L‐fuconate catabolism has not been demonstrated in fungi. 39 Accordingly, if the taxonomic branch specific GO filter for fungi is activated in Pannzer, L‐fuconate dehydratase activity is not reported and the parent term hydro‐lyase activity becomes the top prediction and also the KEGG pathway prediction (Figure 2, column 7) drops away. Here, the taxonomic filter is set to fungi based on the previous taxonomic observations.
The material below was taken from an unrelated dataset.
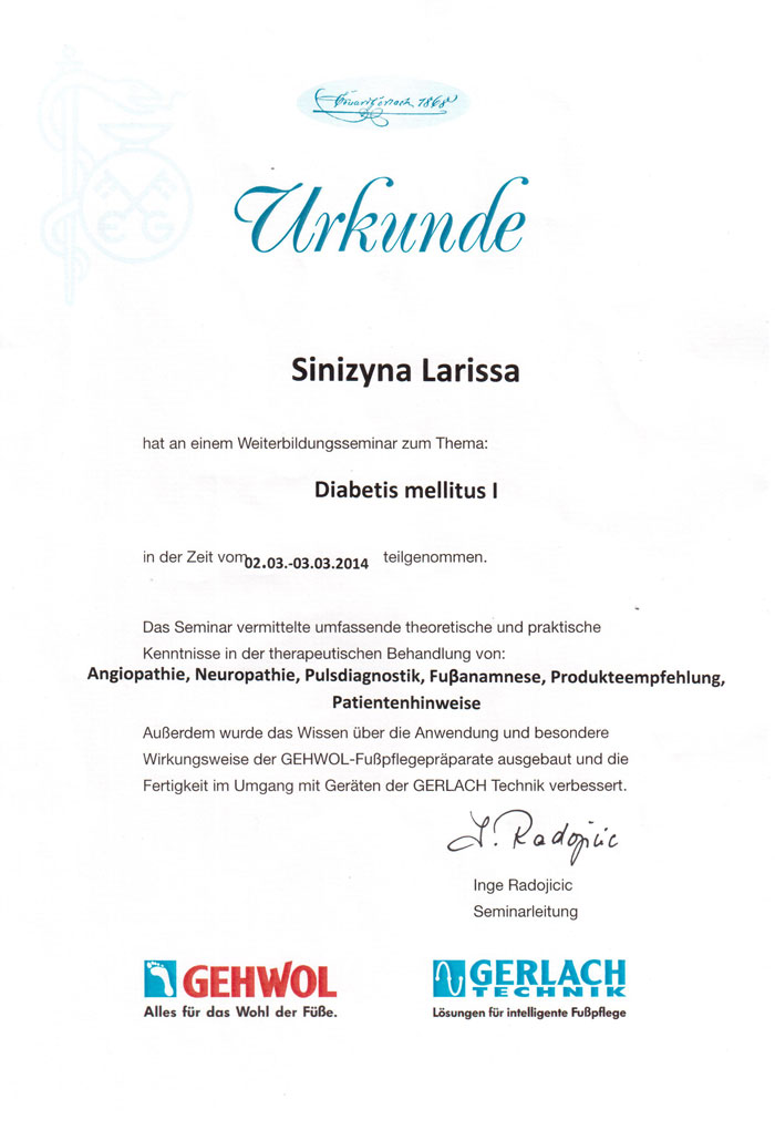 2014 г. - Успешно прошла базовый курс и практический тренинг авторского курса Инге Радожичич (Германия) в цикле Суперпрофи по двум тематическим блокам: "Обработка проблемных ногтей. Протезирование ногтей. Диабетическая стопа" в Учебном Центре "Пластэк - Сибирь".

PANNZER results presented on the web page (Figure 2) are hyperlinked to sequences, metadata, and sequence databases with further links to literature. This facilitates tracking down the origins of unexpected results as illustrated here.
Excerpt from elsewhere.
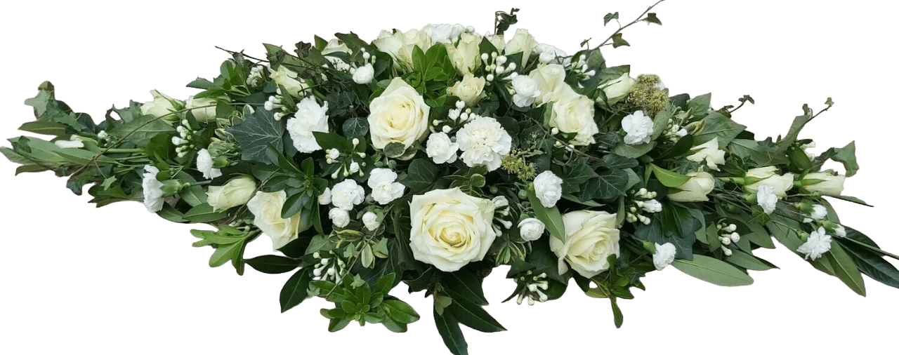 Тази изчистена и елегантна композиция е съставена основно от бели цветя, с леки зелени акценти. Бялото доминира, предавайки усещане за спокойствие и почит. Зеленият акцент добавя нотка на свежест и символизира вечността. Този букет е перфектен за по-сериозни и традиционни церемонии. Такива цветя за некролог са идеални за предаване на съобщение за мир и вечен покой.

3.2. Case Study 2: comparison of results by AFP methods
Our second example represents results from various web servers for a query sequence KAG7012684.1 (Appendix B). This is a ribosomal protein from a recently sequenced pumpkin genome (GenBank date 16‐JUN‐2021). 41 This should be clearly an easy case for AFP methods, as (a) there are several reasonably well annotated plant genomes available and (b) ribosome is well annotated across species. So here we look what different methods report in quite a trivial case. All the compared AFP methods of Table 1 have been among the top 10 in CAFA competitions. In addition, we tested also eggNOG, 14 a popular annotation tool. The results (Table 2) also include the naïve model. The naïve model does not use any information on the sequence. It simply reports the frequency of each GO term in the whole database.
TABLE 2.
GO class | naive | ARGOT | FunFam | INGA | NetGO | PANNZER filtered | PANNZER unfiltered | PFP | Description |
---|---|---|---|---|---|---|---|---|---|
GO:0003674 | 1 | 1 | 1 | molecular_function | |||||
GO:0005198 | 40 | 1 | 3 | 4 | + structural molecule activity | ||||
GO:0003735 | 49 | 2 | 3 | 1 | 3 | 2 | 3 | 1 | ++ structural constituent of ribosome |
GO:0005488 | 3 | 1 | 2 | 9 | + binding | ||||
GO:0005515 | 96 | 1 | 7 | ++ protein binding | |||||
GO:0097159 | 4 | 1 | 5 | 8 | ++ organic cyclic compound binding | ||||
GO:1901363 | 5 | 1 | 5 | 7 | 5 | ++ heterocyclic compound binding | |||
GO:0003676 | 7 | 1 | 8 | 6 | 4 | +++ nucleic acid binding | |||
GO:0003723 | 37 | 4 | 4 | 1 | 8 | 5 | ++++ RNA binding | ||
GO:0019843 | 137 | 3 | 1 | 8 | 2 | 2 | +++++ rRNA binding | ||
GO:0008097 | 1229 | 1 | 2 | 1 | 8 | 1 | 1 | 3 | ++++++ 5S rRNA binding |
Note: The NCBI identifier of the query sequence is KAG7012684.1. Subclasses in GO hierarchy are shown by indentation, padded by “+.” Nonredundant subsets of predictions are bold. Top 10 classes above reliability threshold by any AFP method are included, with the exception of FunFam which had an aberrant profile. Ranks 1–3 are shaded. We show two versions of PANNZER, with and without the filtering of redundant GO terms. FunFam GO terms were ranked by the number of annotations in the top family.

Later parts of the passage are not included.